Dia meletakkan Glory di bahu Gavid seolah-olah ia sedang menugaskan Gavid untuk menjadi Pedang Penjara untuk pertama kalinya.
“Duel ini bukanlah bentuk pembangkangan terhadapku. Jika kau khawatir itu akan bertentangan dengan keinginan dan janjiku, kau tidak perlu khawatir,” kata Raja Iblis.
“Ya,” balas Gavid. “Aku akan memberikan kemenangan.”
Dengan selesainya penobatan tersebut, Gavid mengangkat kedua tangannya. Glory dikembalikan ke dalam genggamannya, dan dia perlahan berdiri.
Dengan suara berderincing, jubah rantai itu terangkat. Raja Iblis Penjara mendudukkan dirinya di singgasana rantai, yang merupakan tempat singgah biasa baginya.
“Ini adalah tempat yang megah,” ujar Raja Iblis Penjara saat ia mengamati arena tersebut. “Tempat ini dan duel hari ini akan menjadi sebuah mitos.”
Tanah bergetar dengan hebat.
Kooong!
Tiba-tiba, rantai-rantai melesat dari pusat arena. Rantai-rantai itu bergelombang sebelum kembali mengendur ke tanah dan merambat luas untuk memisahkan tribun dari lantai duel. Arena melingkar itu kini dilingkari oleh rantai-rantai yang saling mengunci yang seolah melebur ke dalam ruang itu sendiri.
“Terima kasih atas anugerah Anda,” ucap Gavid sambil menyarungkan kembali Glory di pinggangnya dan membungkuk dalam-dalam, mengakui otoritas yang dianugerahkan secara langsung oleh Raja Iblis Penjara.
Sekarang, tidak peduli kehancuran apa pun yang terjadi di dalam arena yang luas itu atau seberapa besar kekuatan yang berbenturan, para penonton tidak akan mengalami limpahan kerusakan apa pun.
“Apakah Sienna dan Carmen belum tiba?” tanya Eugene acuh tak acuh, tampak tidak peduli dengan penobatan ksatria dan pameran kekuatan oleh Raja Iblis Penjara.

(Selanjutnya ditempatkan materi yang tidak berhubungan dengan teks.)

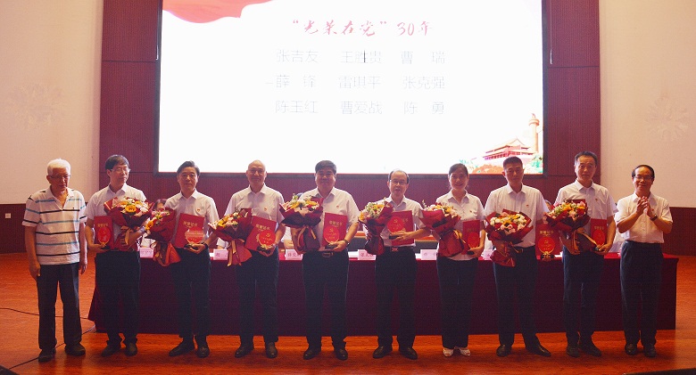 表彰环节,校党委委员薛党鹏同志、石峰虎同志、胡杰同志、郑宏宝同志和王燕同志分别宣读了《关于表彰先进党总支、先进党支部的决定》《关于颁发“光荣在党30年”荣誉证书的决定》《关于命名共产党员先锋示范岗的决定》《关于表彰优秀共产党员的决定》《关于表彰“我为学生导航”活动先进个人的决定》及《关于表彰党员读书活动先进个人》的决定。
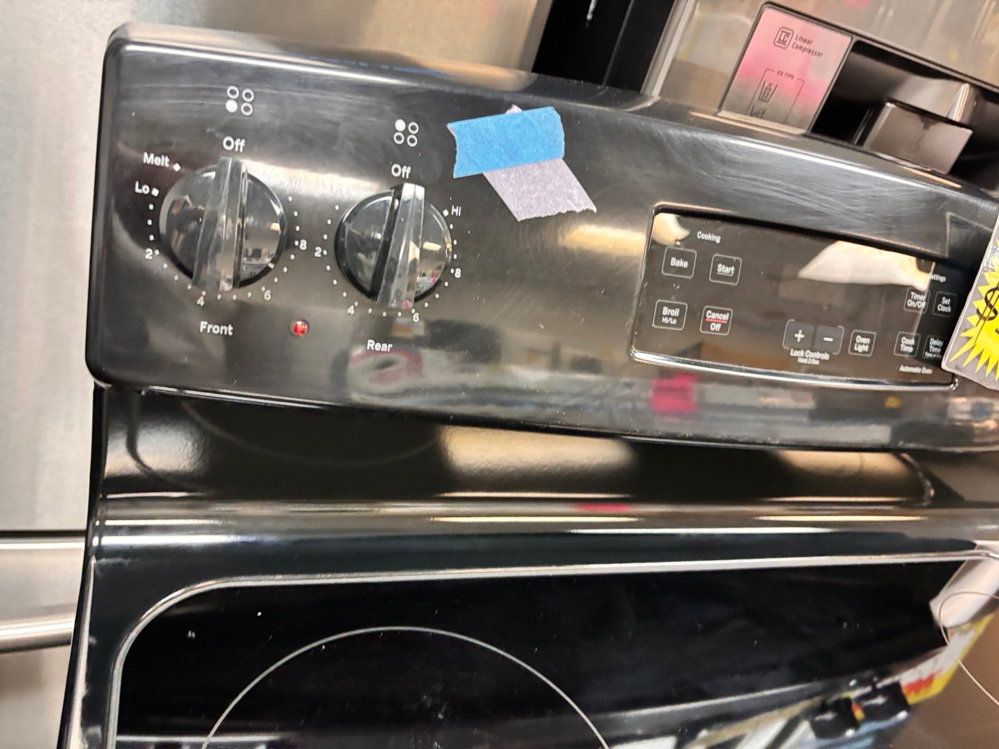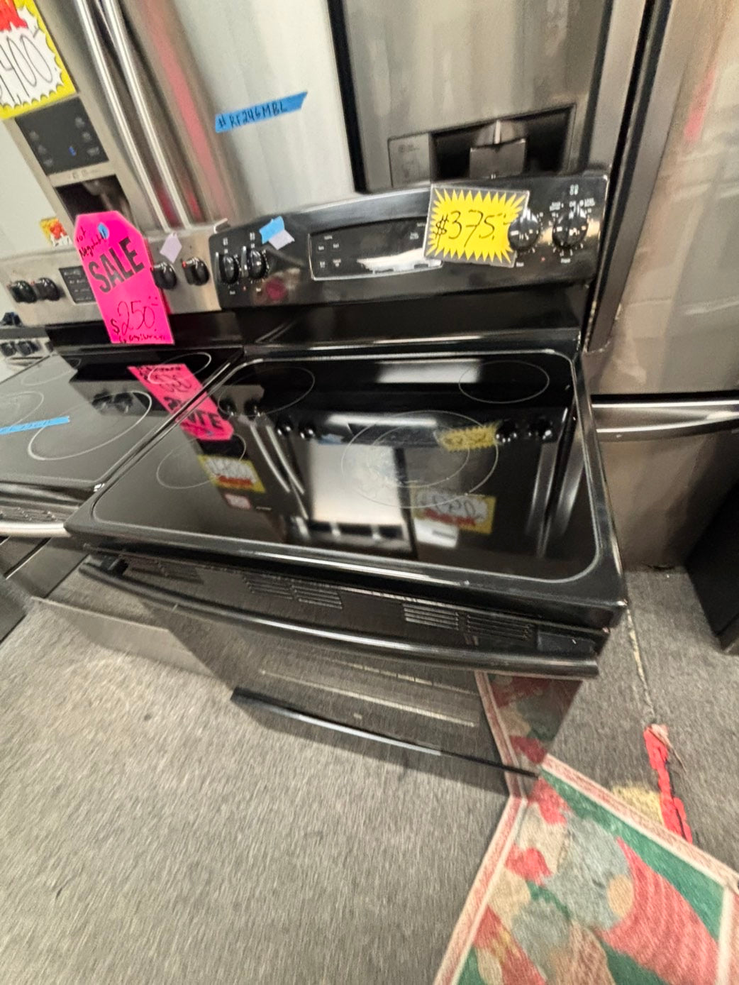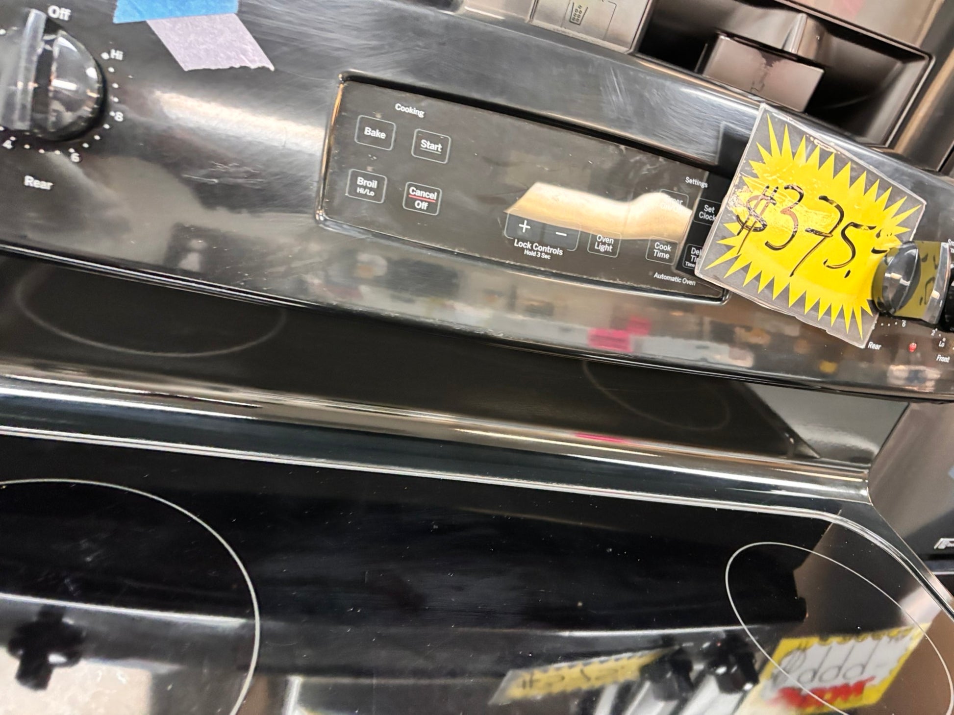 >GE Glass Top electric stove black bake broil 4 burner Self clean 30” black Refurbished #BBW96B
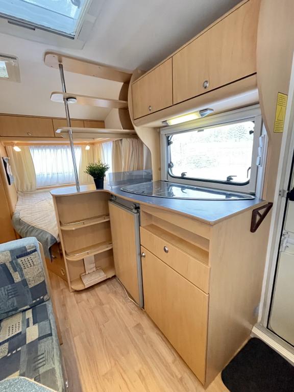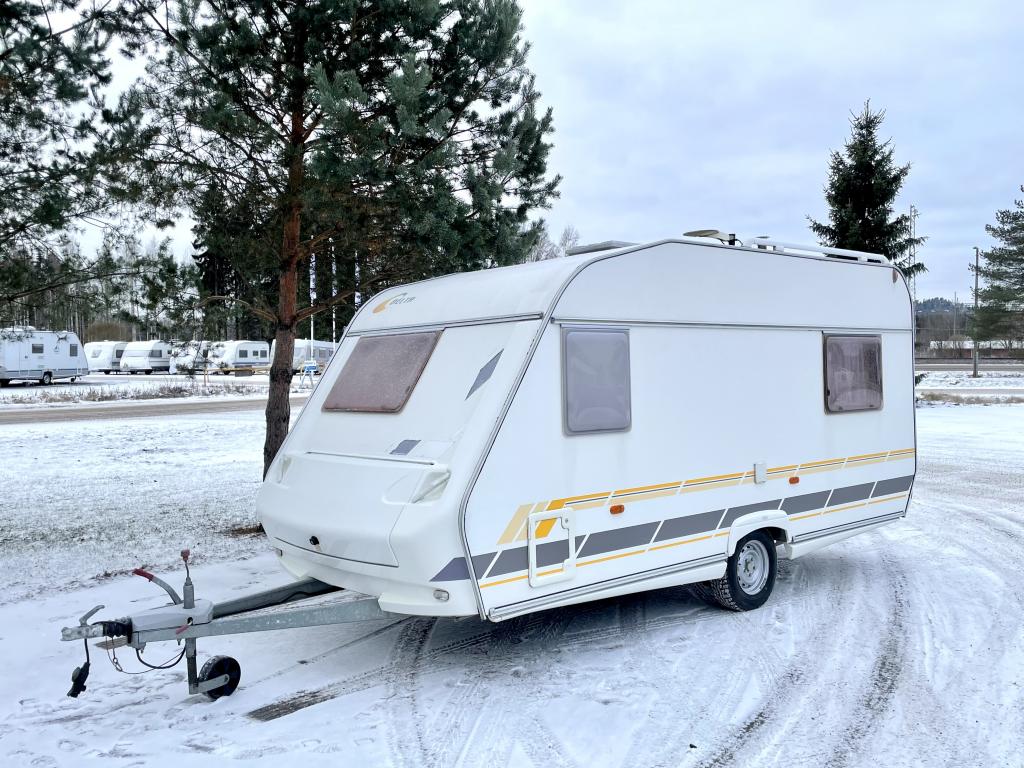 Jääkaappi,Kasetti WC,Kasettiverhot,Kattoluukku,Lattialämmitys,Liesi,Lämminvesiboileri,Sähköpatruuna,Trumatic,Tukijalat
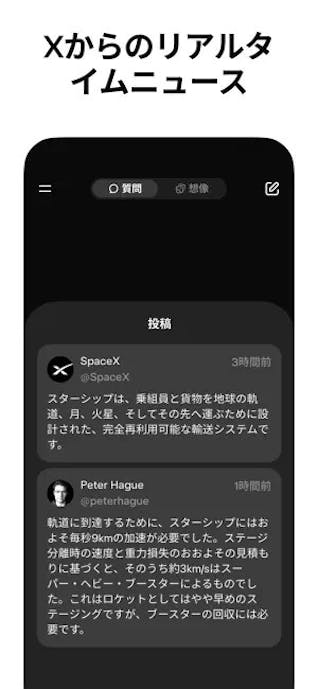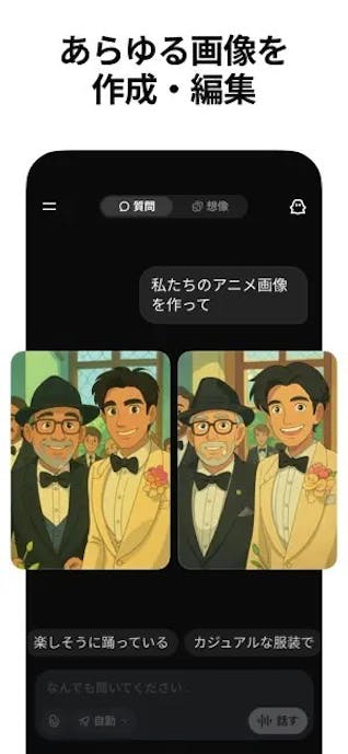『Grok』は、会話しながら画像生成や編集の相談ができるAIアシスタントアプリ。
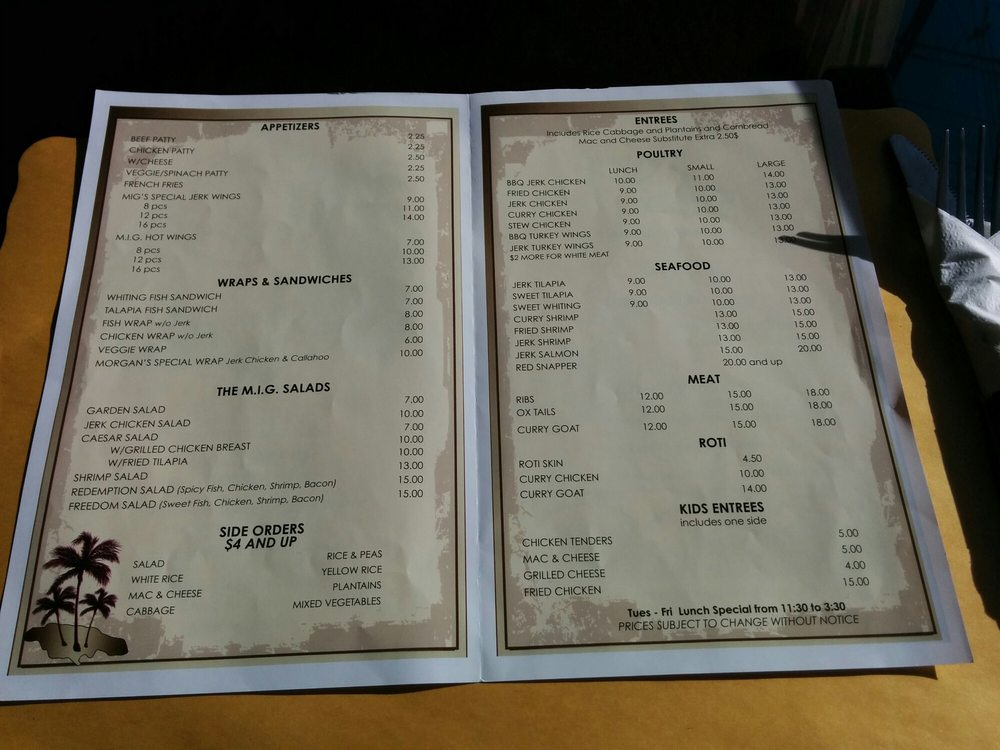 Morgan’s Island Grill Menu

“Belum, mereka belum kembali.”
“Huh. Padahal sudah setahun. Aku tadinya berharap mereka sudah kembali sekarang,” gerutu Eugene sambil melangkah menuruni tangga tribun dengan gaya santai, lalu melompat dari pagar pembatas bawah.
“Turunlah sekarang,” kata Eugene, menjentikkan jarinya ke arah Gavid.
Gavid terkekeh dan menuruni tangga.
‘Kemenangan.’
Duel ini bukanlah pemberontakan terhadap Raja Iblis Penjara.
Raja Iblis Penjara menginginkan kemenangan dalam duel tersebut.
Keinginan itu melepaskan rantai terakhir yang selama ini membelenggu Gavid.